Figure 6: Actual vs. predicted log fee rates, confirming strong model fit (10,000 transactions sampled).
Figure 7: Residual analysis; left: density with normal overlay, right: residuals vs. fitted values.
The model's within-epoch, cross-sectional explanatory power is strong and robust across time windows and out-of-sample splits. The delay-gradient channel consistently adds 7–9 percentage points of R2 within epochs even in strict OOS prediction. However, the model does not explain epoch-level fee regime shifts; aggregate fee level variation across time periods remains largely absorbed by fixed effects, not observable congestion or blockstate features.
Figure 8: Out-of-sample R2 learning curves under multiple evaluation protocols; the shadowed wedge quantifies the explanatory contribution of the delay gradient term.
Figure 9: Variance decomposition demonstrates the model's strength is in cross-sectional (within-epoch) explanation rather than prediction of epoch-level mean fees.
Figure 10: Autocorrelation in epoch fixed effects indicates slow reversion of aggregate congestion.
Theoretical and Practical Implications
This work provides empirical validation of mechanism design theory as applied to Bitcoin mempool economics: the decentralized, fee-based, miner-prioritized mempool closely implements a VCG-like allocation and payment mechanism. The most direct implication is that fee-setting can best be understood as the pricing of priority under state-dependent congestion, not merely as a function of aggregate demand, arbitrary willingness-to-pay, or “fee estimation” heuristics.
On a practical level, fee estimation algorithms can be improved by:
- Focusing on local delay gradients extracted from mempool data,
- Incorporating institutional transaction details (such as CPFP and RBF flags),
- Conditioning predictions on contemporaneous blockspace utilization and mempool depth.
This framework enables disciplined counterfactuals under hypothetical congestion states, potentially informing both wallet fee recommendation logic and future protocol design for blockspace pricing and allocation.
On the theoretical side, the finding that impatience, as measured by future output re-spend, is weakly connected to fee variation (contradicting earlier studies on pre-2015 data), points to substantial evolution in user- and application-level behavior and/or in the structure of fee estimation tools over time.
Limitations and Directions for Future Research
The primary empirical limitation is the data window—nine weeks—with little variation in truly extreme congestion regimes.
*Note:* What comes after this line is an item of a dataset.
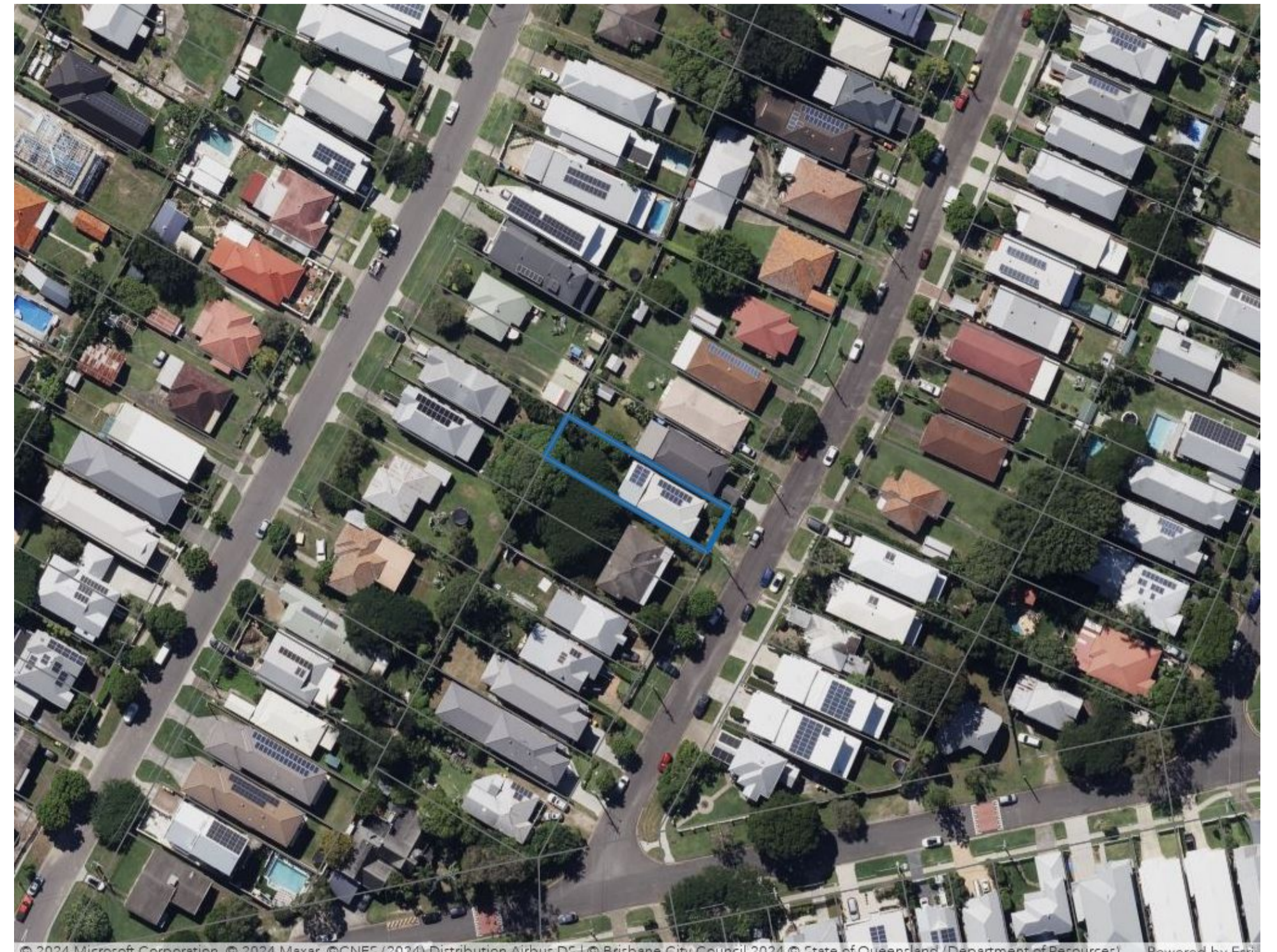
16 Gatling Rd, Cannon Hill QLD 4170

Regional Plan: South East Queensland Regional Plan 2017 Land Use Designation: Urban Footprint Planning Scheme: Brisbane City Plan 2014 (Version 28) Zone: Low Density Residential Zone Precinct: N/A Local Plan: River Gateway Local Plan Precinct: N/A Local Plan Sub-Precinct: N/A

This restricts the potential to identify temporal dynamics or parameter drift in the delay gradient's effect on pricing, and limits extrapolation to future fee-market regimes (e.g., under further subsidy halvings or protocol changes). Continued extension of the transaction-level mempool panel will support more robust time series inference and regime-switching analyses.
A further avenue opened by the approach is structural modeling of block assembler (miner) behavior, including testing for strategic mining (e.g., delayed inclusion, soft-collusion, side-channel fee negotiation), which would appear as systematic violations of the priority-to-delay mapping.
Conclusion
This paper presents a structural estimation of Bitcoin transaction fee formation grounded rigorously in mechanism design and operationalized via a novel high-frequency panel of the mempool state. It demonstrates that dynamic congestion, not static willingness-to-pay, is the principal determinant of fees; that VCG logic is empirically operative; and that institutional design features such as RBF, CPFP, and blockspace metrics meaningfully modulate fee schedules. The approach provides both practical insight for fee estimation strategies and theoretical grounding for understanding blockspace as a congested, priced digital resource.